Now, we have some riches still in the Logics and Prelogics that have never been mined. And similarly, in the Axioms of Dianetics, you could say that too; but particularly the Axioms of Scientology. Not-isness is contained in not less than three Axioms of Scientology. In other words, the Axioms of Scientology had forecast the tremendous technical development which did not take place for another six years. So there's still other material in this other material. It's - it's, you might say, a little more than mental exercise looking at it, because if you can see these things, if you can understand them, if you can learn them, why, life tends to simplify and even get more interesting. Certainly gets a lot less confusing.
Now, if we look over this idea, however, of studying them, what are we studying? This is fabulous, you see? I couldn't teach you any of these things unless you already knew them. But if you already knew them, then you must have forgotten about them to have to read them. Do you understand? So, there must be a forgettingness between you and these Axioms. And so we find it's the case. When any student at HPA/HCA level starts studying the Axioms he generally goes, "Duuhh." And the exact mechanism of how he goes, "Duh," is quite interesting. And that is to say, he already knows these things, you see?
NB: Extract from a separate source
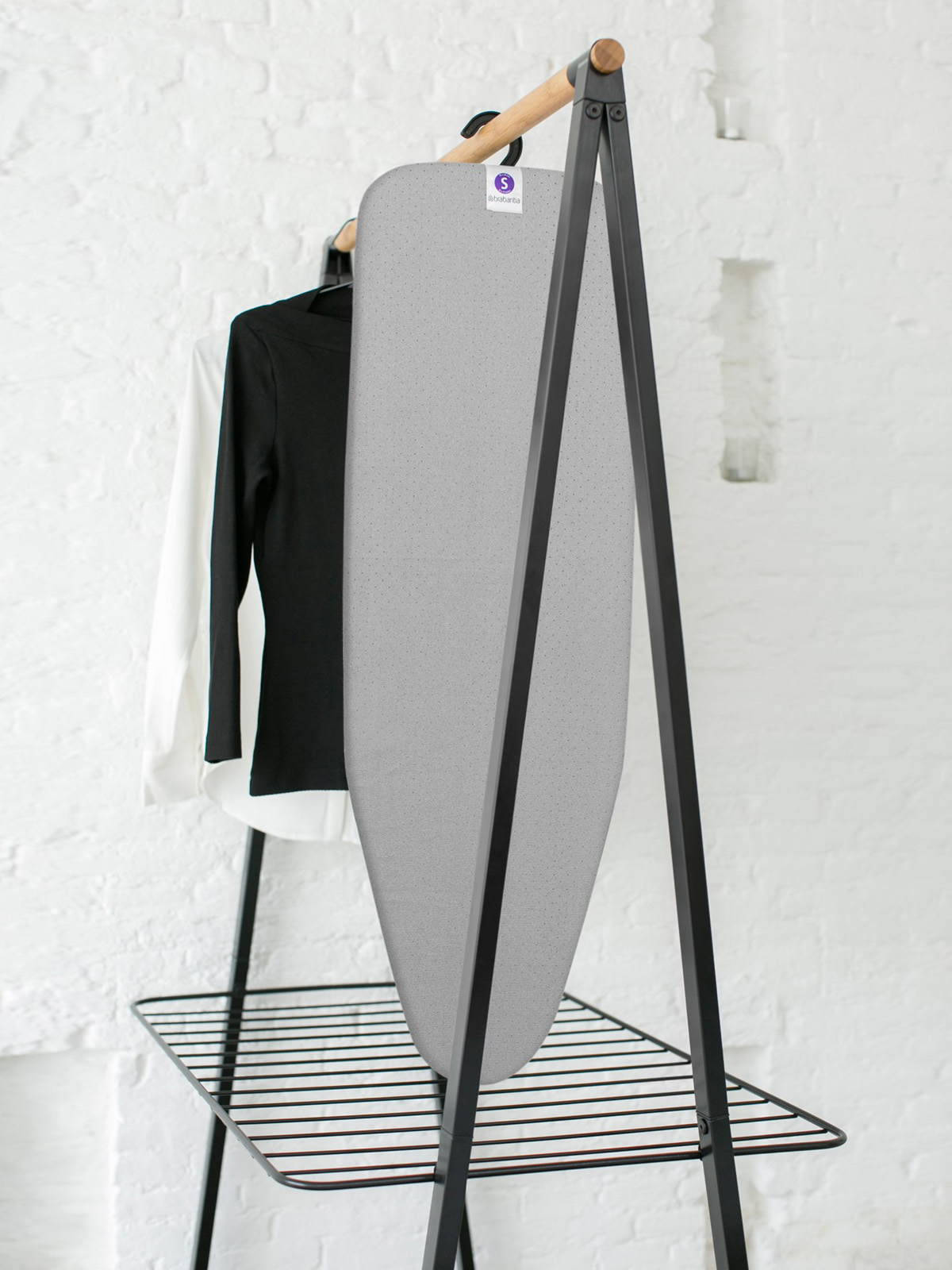 Składana na płasko w kilka sekund konstrukcja deski ułatwia jej przechowywanie, a duży chowany haczyk umożliwia zawieszenie jej na drążku szafy, wieszaka lub na uchwycie ściennym.

The woof and warp of his life - the -you might say, the felt is woven into the woof and warp of his life by these things.
Here's life, its basic postulates and agreements, which he then no longer confronts, has backed away from, has flinched from and he has forgotten. Well, forgettingness is done in various ways, basically a postulate, but down the line a little bit it's mud. And there's-he'll get into some kind of a mental goo that he has associated with forgettingness, and you say, "Tra-la-la-la-la" the Qs of the Prelogic.
You say, "Self-determinism is the common denominator of all life impulses." And the individual says, 'Uh-sa, da, da-da, da. What? Wha-what-what's that?"
"Well," the fellow says, "all right, now just go over it calmly and dispassionately. 'Self-determinism...'" One student trying to teach the other student these - these things, you know? "Self-determinism is the common denominator of all life impulses."
"Well, sure. Self-det--. Huh?"
But if the study is pursued - remember what I told you about order being the basis and disorder being the second postulate. Therefore, the first postulate can discharge the second postulate. So the action of going over the Axioms in general, the Logics and Prelogics, simply results in the discharge of a tremendous amount of stupidity.
Grogginess, susceptibility to flows, all of these things could be subheaded just "being stupid." They are mechanisms of forgetting, you see? Mechanisms of forgettingness.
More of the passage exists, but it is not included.